§ **About this exercise**: An exact transcription of all the data is required; the pictures are to be left out.

§ **Source material**:
━━━━━━━━━━━━━━━━━━━━
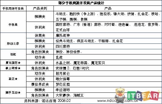目前國(guó)內(nèi)市場(chǎng)上運(yùn)行的手機(jī)網(wǎng)游不下百種,單就手機(jī)網(wǎng)游開放來(lái)說,國(guó)內(nèi)還沒有哪家或哪幾家開發(fā)商控制占據(jù)絕對(duì)優(yōu)勢(shì)的局面。下表列出了幾家手機(jī)網(wǎng)游開發(fā)商開發(fā)的手機(jī)網(wǎng)游產(chǎn)品。從表中可以看出中科奧開發(fā)的產(chǎn)品數(shù)量較多(18款),主要產(chǎn)品為棋牌與休閑類小游戲。其他的開發(fā)商開發(fā)的手機(jī)網(wǎng)游產(chǎn)品數(shù)量在2—5款之間,多為大型游戲。從游戲品種的不同可以看出主要開發(fā)商的研發(fā)方向有所區(qū)別。
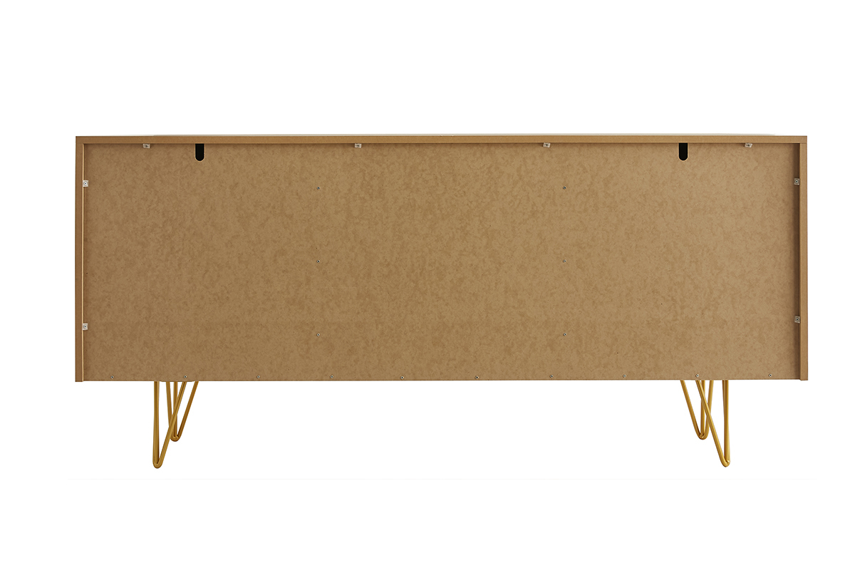 Ce buffet bois clair et métal doré n'est pas qu'un bel objet déco. Il renferme six espaces de rangement (L51 x P33 x H25.5 cm) pensés pour organiser la vaisselle ou les affaires du quotidien. Grâce à ses dimensions L160 x P35 x H73 cm, ce buffet design s'intégrera facilement dans une entrée ou une petite pièce. Une lampe à poser moderne et quelques cadres habilleront à merveille ce meuble design.
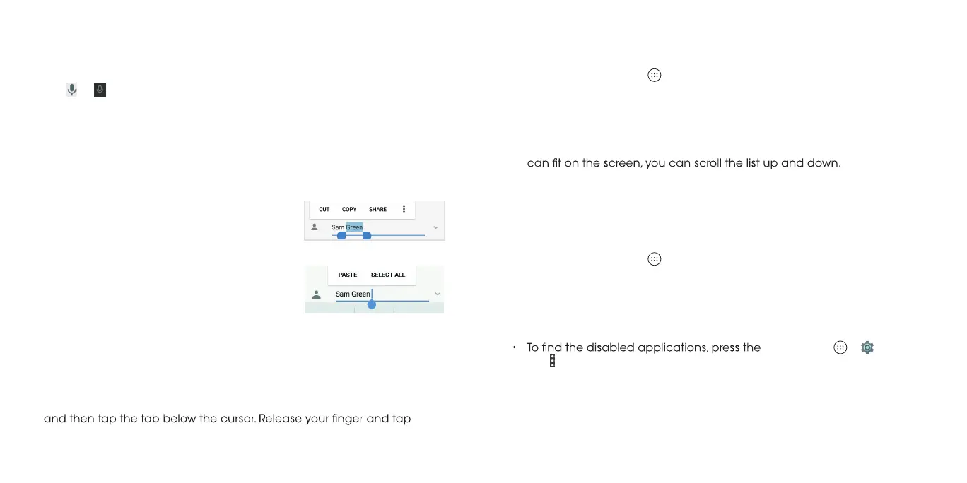 • Cut or copy: Select the text you want to manipulate. Then tap CUT or
━━━━━━━━━━━━━━━━━━━━
§ **Response to the exercise**:
目前國(guó)內(nèi)市場(chǎng)上運(yùn)行的手機(jī)網(wǎng)游不下百種,單就手機(jī)網(wǎng)游開放來(lái)說,國(guó)內(nèi)還沒有哪家或哪幾家開發(fā)商控制占據(jù)絕對(duì)優(yōu)勢(shì)的局面。下表列出了幾家手機(jī)網(wǎng)游開發(fā)商開發(fā)的手機(jī)網(wǎng)游產(chǎn)品。從表中可以看出中科奧開發(fā)的產(chǎn)品數(shù)量較多(18款),主要產(chǎn)品為棋牌與休閑類小游戲。其他的開發(fā)商開發(fā)的手機(jī)網(wǎng)游產(chǎn)品數(shù)量在2—5款之間,多為大型游戲。從游戲品種的不同可以看出主要開發(fā)商的研發(fā)方向有所區(qū)別。
 Ce buffet bois clair et métal doré n'est pas qu'un bel objet déco. Il renferme six espaces de rangement (L51 x P33 x H25.5 cm) pensés pour organiser la vaisselle ou les affaires du quotidien. Grâce à ses dimensions L160 x P35 x H73 cm, ce buffet design s'intégrera facilement dans une entrée ou une petite pièce. Une lampe à poser moderne et quelques cadres habilleront à merveille ce meuble design.
 • Cut or copy: Select the text you want to manipulate. Then tap CUT or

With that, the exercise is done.